Comment 3 Thomas Lübking 2009-05-12 20:55:48 UTC

can't reproduce here (nvidia, 185.15 beta, todays trunk). neither w/ or w/o compositing.
kwin sucks my cpu, but there's no increase on system or video memory (according to xrestop) usage
-> deco problem?

Comment 4 Clemens Eisserer 2009-05-12 20:58:45 UTC

I see it without composition, with plastik decoration. I'll try another one.
By the way, I don't see an memory increase in xrestop, but in top.

Comment 5 Clemens Eisserer 2009-05-12 21:36:24 UTC

also happens with "redmond" decoration

Comment 6 Thomas Lübking 2009-05-12 22:39:32 UTC

"shrug"
so either it has been meanwhile fixed (in KWin, Qt or X11 - used versions?) or... err... ...i guess you errr... know... valgrind? :-\

Comment 7 Clemens Eisserer 2009-05-25 22:27:34 UTC

btw. filed a Qt bug about this

Comment 8 Clemens Eisserer 2009-05-25 22:28:18 UTC

sorry, wrong bug - kde's bugzilla sends me to the wrong bug-report after I press "Commit".

Comment 9 Clemens Eisserer 2009-06-22 17:59:22 UTC

Still happens with latest rawhide packages (KDE-4.2.90 / QT-4.5.1), I even switched to vesa+nofb to see wether it could be a driver related problem.

When when runnning the map-demo for only a short time and killing it, kwin continues to suck 100% cpu.
I ran sysprof while kwin behaved bad, and attached it as screenshot.

Comment 10 Clemens Eisserer 2009-06-22 17:59:59 UTC

Created attachment 34744 [details]
screenshot of kwin profile while spinning

Comment 11 Yvan Da Silva 2009-07-27 23:59:50 UTC

Take a look if this is not related to this bug.
https://bugs.kde.org/show_bug.cgi?id=201445

Comment 12 Clemens Eisserer 2009-07-28 00:04:27 UTC

no, unfourtunatly not related ... seems like this will stay unfixed for a long time :-/

Comment 13 Thomas Lübking 2009-07-28 00:48:07 UTC

i wonder whether this could be related to the placement or focus strategy - so: which do you use?

Comment 14 Clemens Eisserer 2010-06-04 01:42:51 UTC

Unfourtunatly this still happens with KDE-4.5 beta 1, I did a sysprof profile while kwin was using 100% cpu and already 700mb RSS. (sysprof profile attached as well as screenshot).

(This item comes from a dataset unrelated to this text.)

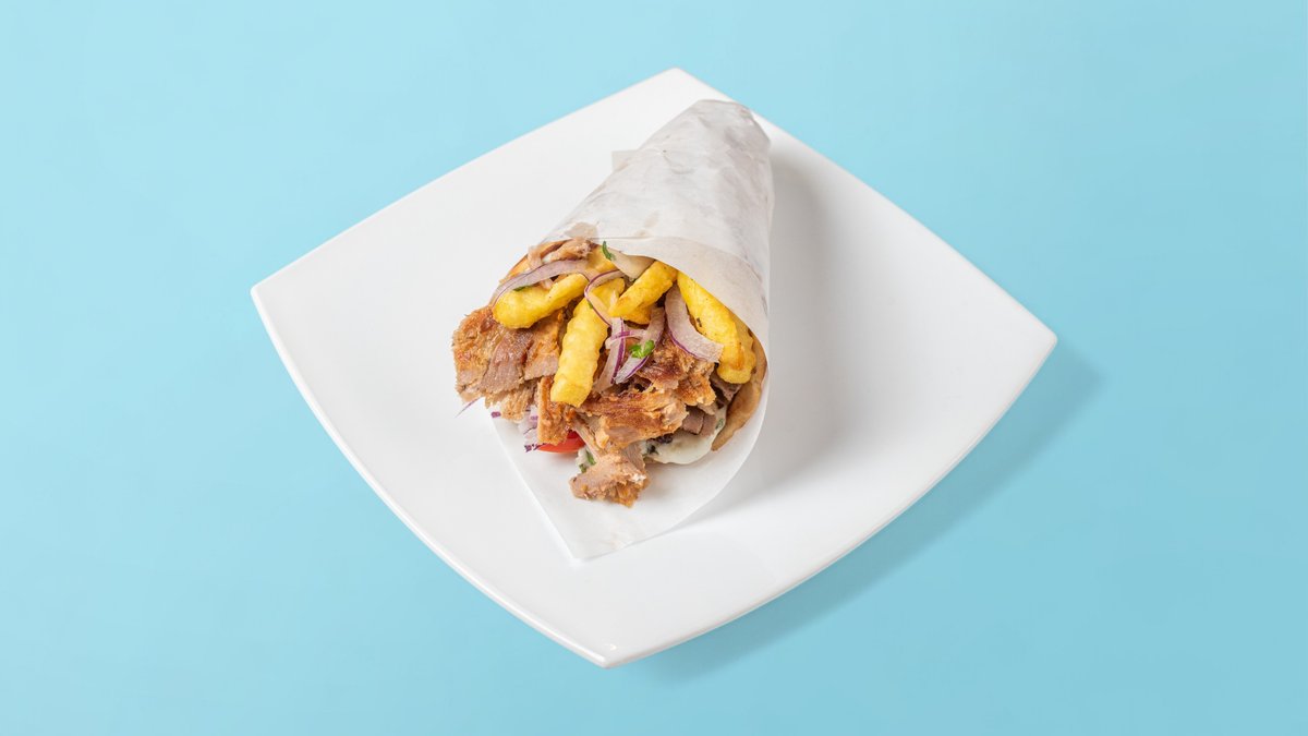 фино нарязано свинско месо обвито във вкусна гръцка пита, с избор на салати и сос 220г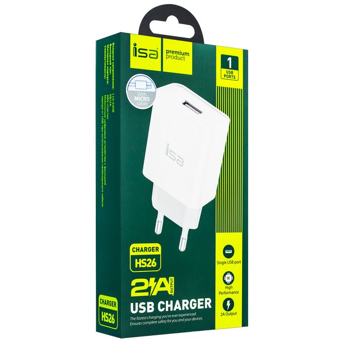 СЗУ USB + кабель Micro USB 2.4A ISA HS26 (White)

How can I find out the focus strategy?

Comment 15 Clemens Eisserer 2010-06-04 01:45:50 UTC

Created attachment 47655 [details]
sysprof screenshot

Comment 16 Clemens Eisserer 2010-06-04 01:46:22 UTC

Created attachment 47656 [details]
sysprof profile of kwin beeing slow mapping/unmapping window

Comment 17 Christoph Feck 2010-06-04 02:13:22 UTC

Just tried the test from comment #1. I went to Ctrl+Alt+F1 console, checked "top" and kwin sucked in all available memory (over 1.5 gig), until it got OOM killed (I have 2 gig RAM and no swap, so it got there pretty quickly).

This is both with compositing disabled or enabled

X11/intel drivers from openSUSE 11.2 update repo
Qt 4.7 branch and KDE from trunk built daily

Comment 18 Clemens Eisserer 2010-09-24 12:21:28 UTC

any news on this?

Comment 19 Jaime Torres 2010-10-11 17:18:35 UTC

Created attachment 52415 [details]
An screenshot of kcachegrind

I have run a modified version of the test program (to only unmap/map 8000 times), and run kwin under callgrind. The high cpu happens for me with and without effects. But it does not eats memory.

The cpu usage is mainly in KWin::updateXTime().
I can not attach the callgrind file, it is > 1 Mib compressed.

Comment 20 Jekyll Wu 2011-12-02 12:29:43 UTC

In my experiment, the test program from comment #1 makes kwin consume huge amount of memory(observed through htop in tty).

I'm using KDE SC 4.8 beta1, Qt 4.8 rc1 and nvidia driver 290.10

Comment 21 Clemens Eisserer 2011-12-02 12:39:35 UTC

Wow, reported this bug 30 months ago.

Comment 22 Thomas Lübking 2011-12-02 19:44:36 UTC

Ok, i meanwhile can reproduce it locally, maybe due to one of the many xserver updates in teh meantime - i do not know.

First of all the testcase - while a valid stress test and w/o any critizism to Clemens who's testcase has already helped to fix another nasty issue (many thanks again, really) - is functionally malware.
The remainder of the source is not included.